L’affaire de Telford (Royaume-Uni) : quand le politiquement correct devient complice d’actes criminels

viols enfants

Près de 1000 enfants en ont été victimes. Alors que la pédophilie est sans doute, hormis le meurtre, le pire crime commis sur l’être humain puisqu’il porte atteinte à son intégrité physique et psychologique, qu’il blesse violemment, irrémédiablement, l’âme et le corps d’un enfant, ce scandale a été étouffé par les autorités du Royaume-Uni, police, municipalité et services sociaux pendant… trente ans. Une députée anglaise vient de livrer une enquête approfondie.

À Telford, ville moyenne de 170.000 habitants dans le Shropshire en Grande-Bretagne, des gangs organisés, soit près de 200 hommes, ont violé, drogué, torturé, prostitué, fait avorter et parfois assassiné plus de mille enfants, dont certains à peine âgés de 11 ans. « Comme dans les autres affaires similaires, les auteurs étaient très majoritairement d’origine pakistanaise et bangladaise et de religion musulmane, a écrit Steve Bird dans The Telegraph du 9 décembre 2017. Par crainte d’être considérées comme racistes, les autorités ont longtemps refusé d’enquêter ».

C’est notamment par la presse que le scandale a éclaté, palliant ainsi l’absolue et coupable inefficience des institutions. En mars 2018, le Sunday Mirror publie une enquête qui lève le coin du voile sur l’horreur : dix-huit mois d’investigations seront salués par Teresa May et déclencheront enfin, après l’insistance remarquable de la députée conservatrice Lucy Allan, une enquête approfondie dont nous sont aujourd’hui livrées les conclusions, trois ans après.
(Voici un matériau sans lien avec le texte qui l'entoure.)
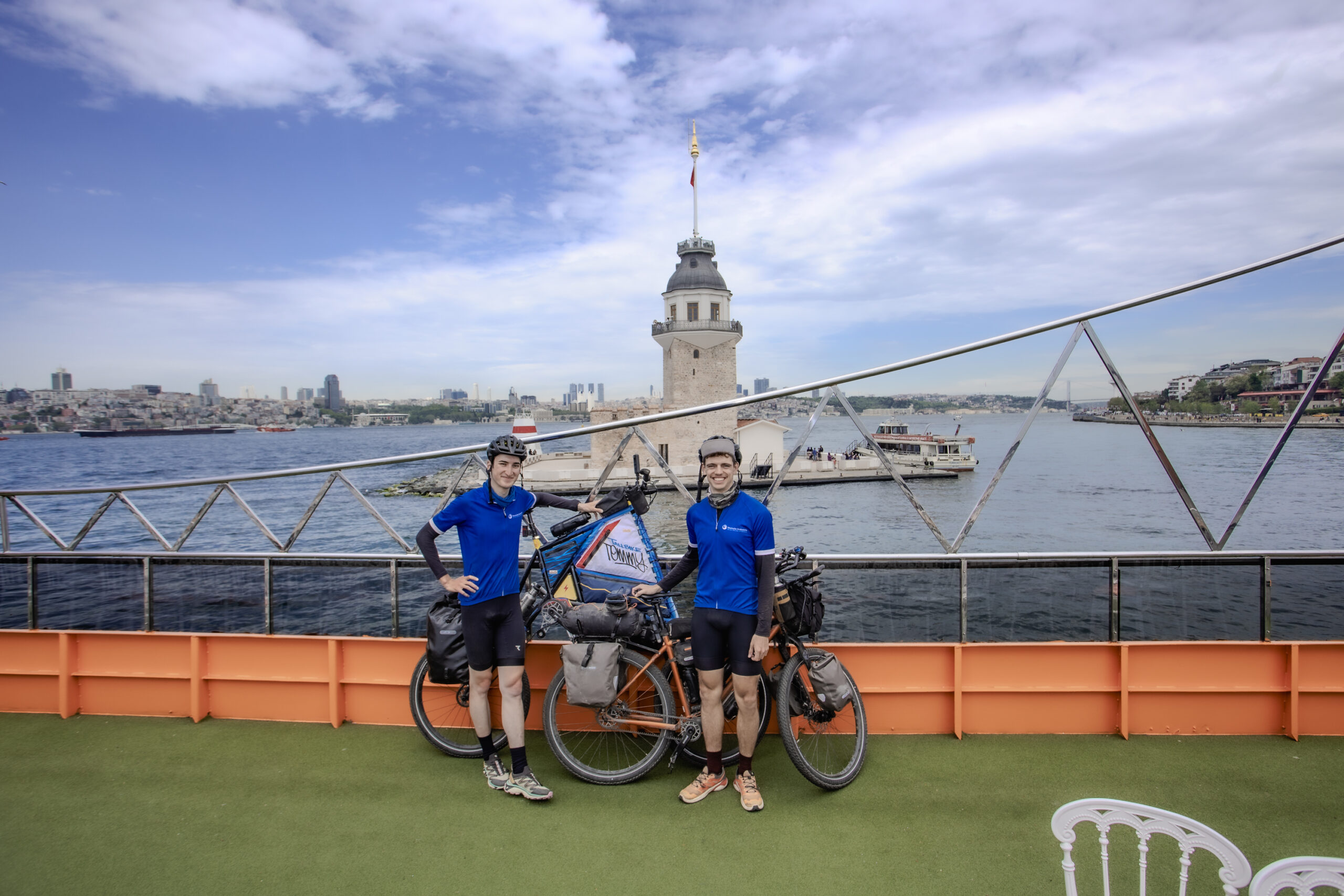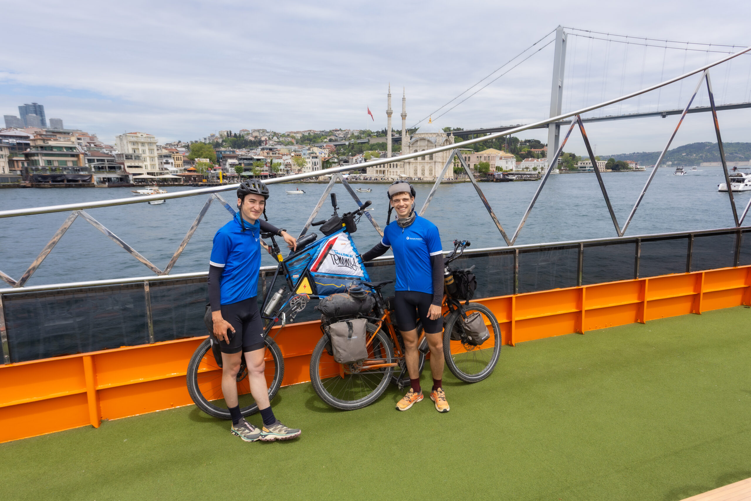 İkili, Avrupa’dan Asya’ya geçişi sembolik bir an olarak planlamıştı. Ancak Boğaziçi Köprüsü’nden bisikletle geçme izinleri alınamayınca, alternatif bir çözüm devreye girdi. Turna Tur’un “yüzen köprü” temalı teknesiyle Boğaz’dan geçen Tommaso ve Jakob, hem kıta değişimini tamamladı hem de tarihi İstanbul siluetini denizden gözlemleme fırsatı yakaladı.

La pugnacité de Lucy Allan, indéfectible soutien des victimes, a permis d’élargir une première enquête, début 2010, qui avait déjà autorisé l’identification de deux cents coupables – seuls neuf furent emprisonnés.

Pourquoi un tel retard, un tel silence pour des faits commis à très grande échelle et dont certains remontaient aux années 90 ?
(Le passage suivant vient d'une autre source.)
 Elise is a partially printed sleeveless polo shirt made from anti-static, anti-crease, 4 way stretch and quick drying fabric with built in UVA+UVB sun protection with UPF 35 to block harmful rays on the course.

Concrètement, les victimes de ces gangs indo-pakistanais étaient issues de la classe ouvrière blanche britannique. Les victimes, dont le supplice a duré de nombreuses années – jusqu’à quinze ans – étaient menacées, réduites au silence sous peine d’attaques contre leurs familles, leurs mères, leurs sœurs. Au poste de police, les rares victimes à oser briser l’omerta n’étaient pas prises au sérieux. Certains policiers parlent dans leur rapport de sexe consenti…pour des adolescentes prépubères !
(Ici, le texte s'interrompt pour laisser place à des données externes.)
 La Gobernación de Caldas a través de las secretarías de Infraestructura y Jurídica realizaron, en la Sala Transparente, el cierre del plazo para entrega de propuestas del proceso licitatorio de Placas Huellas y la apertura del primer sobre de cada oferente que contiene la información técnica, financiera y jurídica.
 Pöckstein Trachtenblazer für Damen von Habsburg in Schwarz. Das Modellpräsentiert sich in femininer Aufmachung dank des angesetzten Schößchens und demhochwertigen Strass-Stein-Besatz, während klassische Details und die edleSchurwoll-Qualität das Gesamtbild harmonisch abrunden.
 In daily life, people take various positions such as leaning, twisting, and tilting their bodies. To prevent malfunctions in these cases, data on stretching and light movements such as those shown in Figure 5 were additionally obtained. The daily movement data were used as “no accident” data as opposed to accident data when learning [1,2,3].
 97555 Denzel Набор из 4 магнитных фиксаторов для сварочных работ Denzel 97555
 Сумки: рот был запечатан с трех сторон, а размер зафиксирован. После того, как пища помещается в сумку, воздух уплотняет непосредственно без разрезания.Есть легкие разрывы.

Les conclusions de l’enquête commandée en 2018 par le Ministère de l’Intérieur sont accablantes.

Ce n’est pas par simple négligence, scepticisme ou manque de formation aux crimes sexuels que la police locale, pourtant alertée de nombreuses fois, a manqué à son devoir de protection des plus vulnérables. C’est par crainte de subir l’accusation, infamante entre toutes, de « racisme ». Dans la société multiculturelle britannique, la crainte des tensions raciales est bien plus grande, plus importante que l’innocence saccagée d’enfants britanniques. Cité par le Telegraph, (12/07/2022) Tom Crowther QC, qui a présidé l’enquête, a déclaré : « D’innombrables enfants ont été agressés sexuellement et violés. Ils ont été délibérément humiliés et dégradés. Ils ont été partagés et trafiqués. Ils ont subi des violences et leurs familles ont été menacées. […] Ils vivaient dans la peur et leur vie a été changée à jamais », bien que la police de West Mercia ait été consciente de ces crimes « dans le détail ». Il a ajouté « Il est impossible de ne pas se demander à quel point la vie de ces victimes d’exploitation sexuelle d’enfants au début des années 2000 – et en fait de nombreuses autres inconnues de cette enquête – aurait pu être différente si West Mercia Police avait fait son travail le plus élémentaire et agi sur ces rapports de crime. »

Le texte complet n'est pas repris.